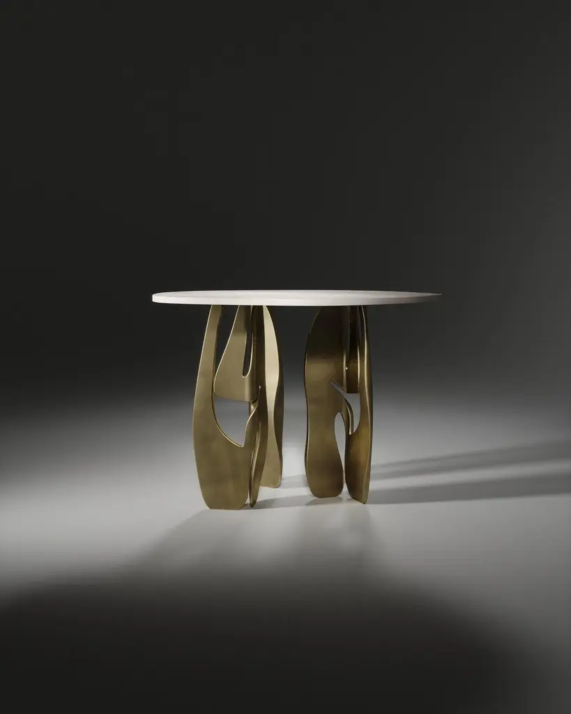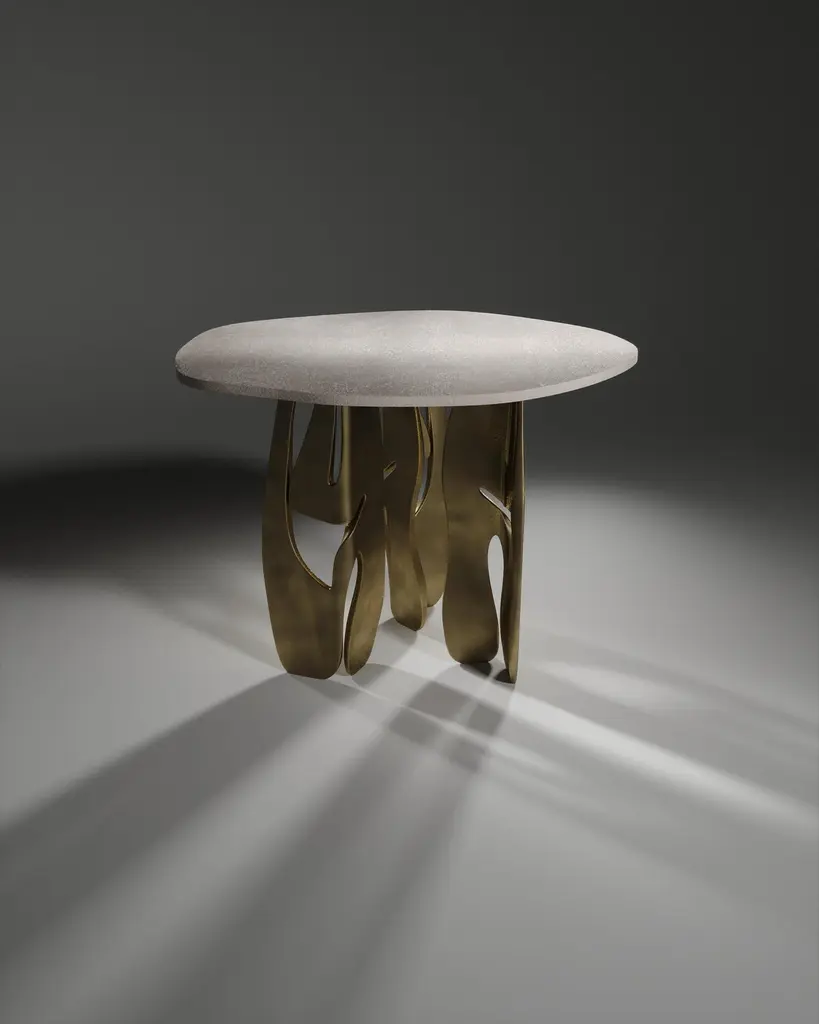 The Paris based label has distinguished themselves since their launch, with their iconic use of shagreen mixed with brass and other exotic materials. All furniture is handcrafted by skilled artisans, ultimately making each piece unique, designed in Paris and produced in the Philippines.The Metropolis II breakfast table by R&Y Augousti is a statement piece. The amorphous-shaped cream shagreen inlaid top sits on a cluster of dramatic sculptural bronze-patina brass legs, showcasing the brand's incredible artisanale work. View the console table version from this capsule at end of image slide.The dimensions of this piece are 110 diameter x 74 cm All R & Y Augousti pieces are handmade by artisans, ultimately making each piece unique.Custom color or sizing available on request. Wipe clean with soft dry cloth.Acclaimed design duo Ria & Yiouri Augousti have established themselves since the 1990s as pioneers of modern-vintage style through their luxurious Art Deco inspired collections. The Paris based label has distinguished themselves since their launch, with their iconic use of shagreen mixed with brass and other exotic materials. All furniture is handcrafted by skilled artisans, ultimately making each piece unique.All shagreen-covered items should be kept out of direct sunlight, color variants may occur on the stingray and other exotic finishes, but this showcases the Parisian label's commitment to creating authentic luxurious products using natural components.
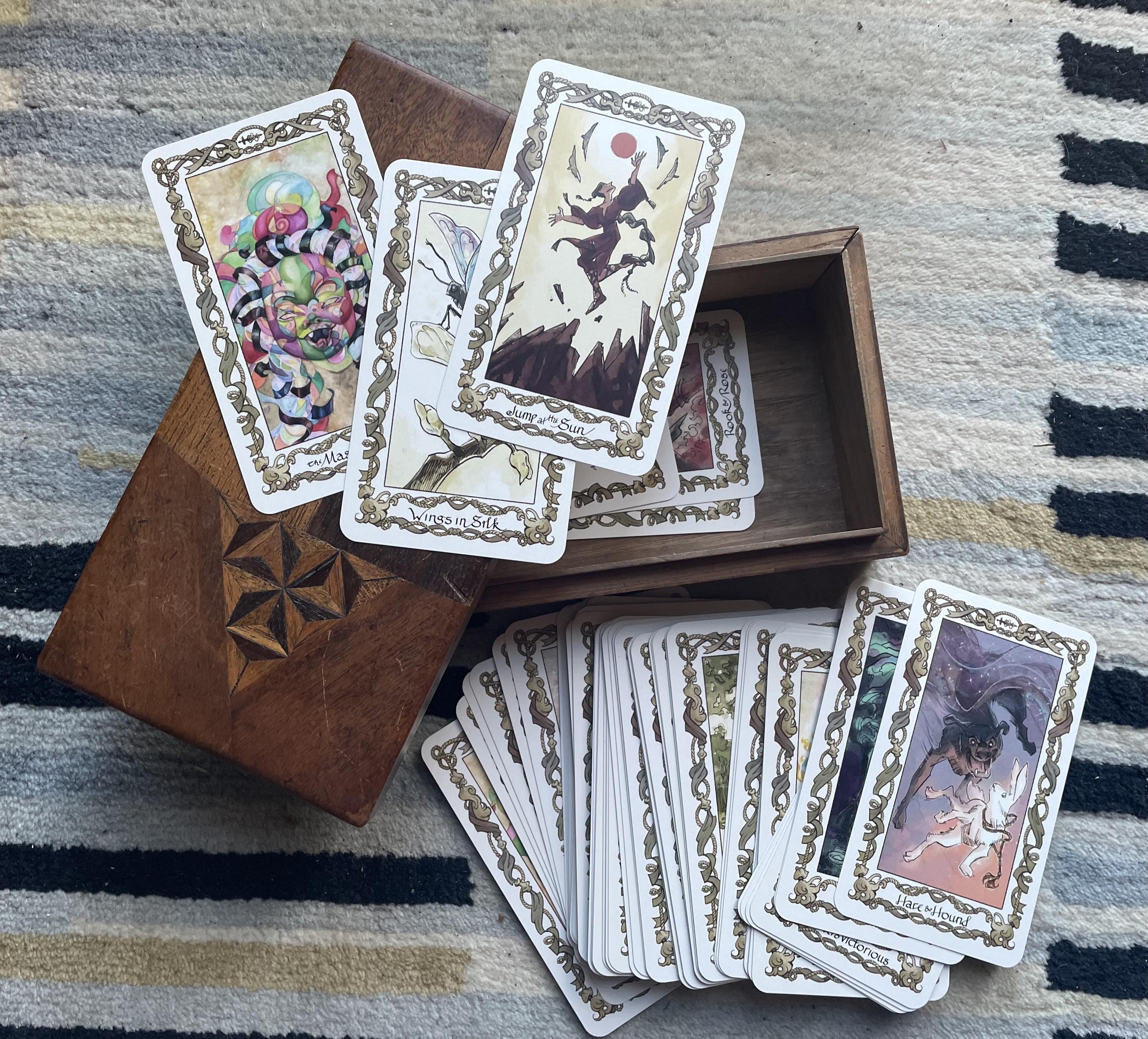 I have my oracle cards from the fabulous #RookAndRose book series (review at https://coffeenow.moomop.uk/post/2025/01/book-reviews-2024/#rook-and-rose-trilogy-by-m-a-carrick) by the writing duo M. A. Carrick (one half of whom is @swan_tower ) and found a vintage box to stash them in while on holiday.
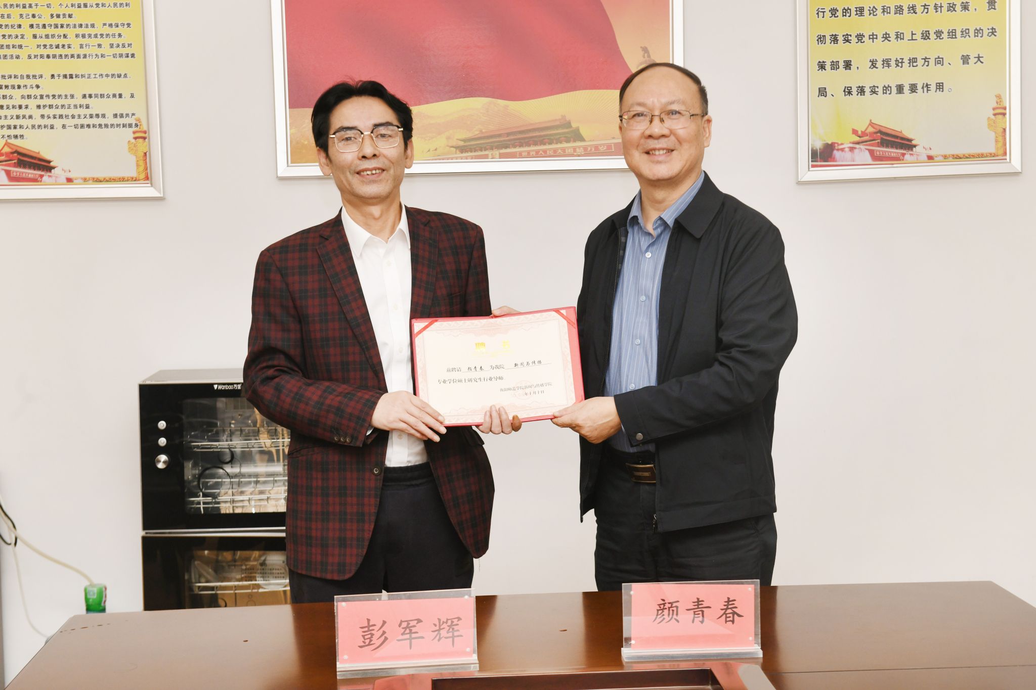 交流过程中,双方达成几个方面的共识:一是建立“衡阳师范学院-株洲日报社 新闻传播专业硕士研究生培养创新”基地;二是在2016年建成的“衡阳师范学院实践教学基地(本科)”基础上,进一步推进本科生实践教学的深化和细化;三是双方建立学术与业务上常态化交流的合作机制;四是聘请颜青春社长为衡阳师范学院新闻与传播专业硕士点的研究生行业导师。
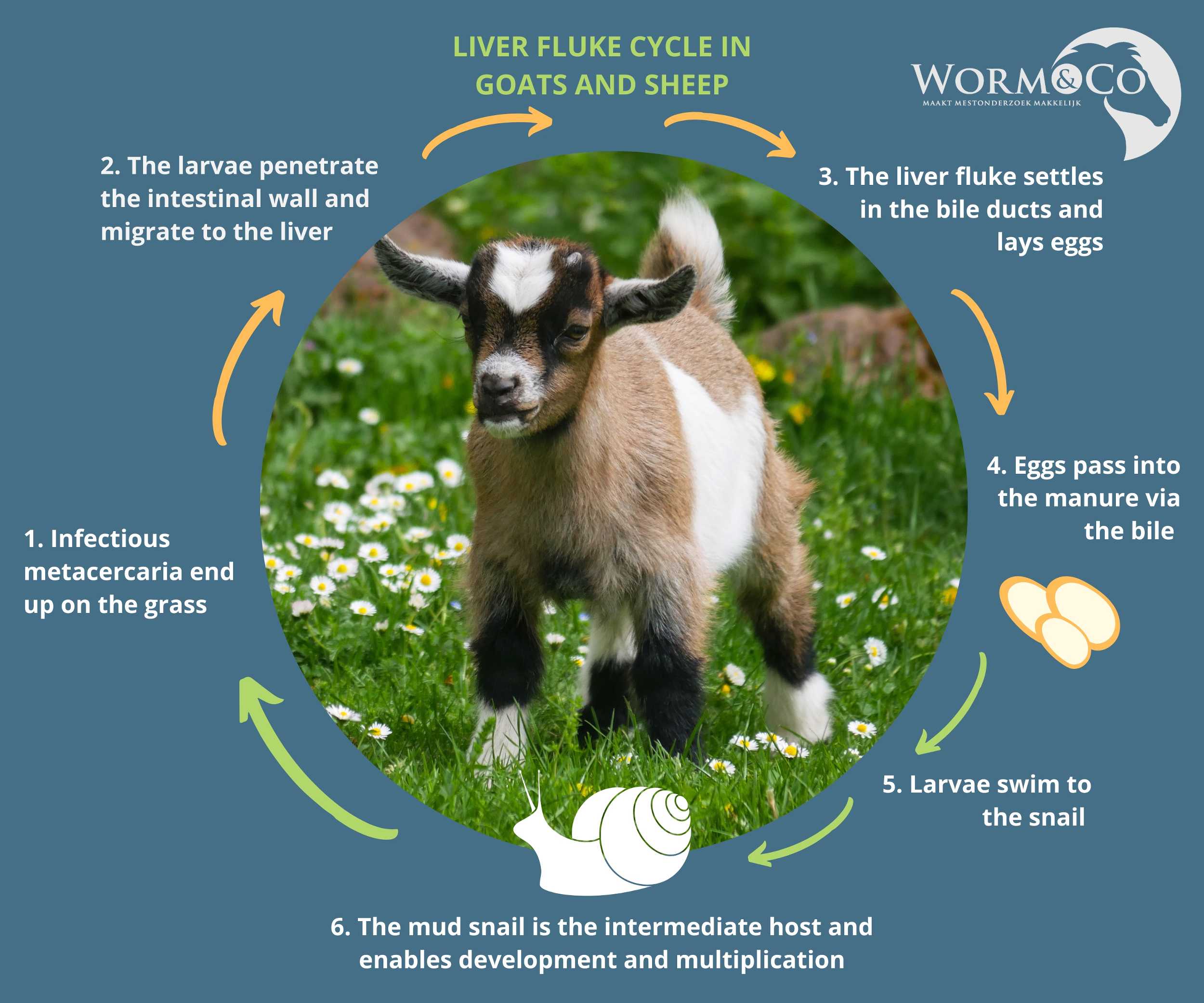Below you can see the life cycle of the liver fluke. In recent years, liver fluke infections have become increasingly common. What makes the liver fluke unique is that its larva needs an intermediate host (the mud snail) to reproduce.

Exercise description - Except for the pictures, please retype the listing above exactly.

Result of the task -
 The Paris based label has distinguished themselves since their launch, with their iconic use of shagreen mixed with brass and other exotic materials. All furniture is handcrafted by skilled artisans, ultimately making each piece unique, designed in Paris and produced in the Philippines.The Metropolis II breakfast table by R&Y Augousti is a statement piece. The amorphous-shaped cream shagreen inlaid top sits on a cluster of dramatic sculptural bronze-patina brass legs, showcasing the brand's incredible artisanale work. View the console table version from this capsule at end of image slide.The dimensions of this piece are 110 diameter x 74 cm All R & Y Augousti pieces are handmade by artisans, ultimately making each piece unique.Custom color or sizing available on request. Wipe clean with soft dry cloth.Acclaimed design duo Ria & Yiouri Augousti have established themselves since the 1990s as pioneers of modern-vintage style through their luxurious Art Deco inspired collections. The Paris based label has distinguished themselves since their launch, with their iconic use of shagreen mixed with brass and other exotic materials. All furniture is handcrafted by skilled artisans, ultimately making each piece unique.All shagreen-covered items should be kept out of direct sunlight, color variants may occur on the stingray and other exotic finishes, but this showcases the Parisian label's commitment to creating authentic luxurious products using natural components.
 I have my oracle cards from the fabulous #RookAndRose book series (review at https://coffeenow.moomop.uk/post/2025/01/book-reviews-2024/#rook-and-rose-trilogy-by-m-a-carrick) by the writing duo M. A. Carrick (one half of whom is @swan_tower ) and found a vintage box to stash them in while on holiday.
 交流过程中,双方达成几个方面的共识:一是建立“衡阳师范学院-株洲日报社 新闻传播专业硕士研究生培养创新”基地;二是在2016年建成的“衡阳师范学院实践教学基地(本科)”基础上,进一步推进本科生实践教学的深化和细化;三是双方建立学术与业务上常态化交流的合作机制;四是聘请颜青春社长为衡阳师范学院新闻与传播专业硕士点的研究生行业导师。
Below you can see the life cycle of the liver fluke. In recent years, liver fluke infections have become increasingly common. What makes the liver fluke unique is that its larva needs an intermediate host (the mud snail) to reproduce.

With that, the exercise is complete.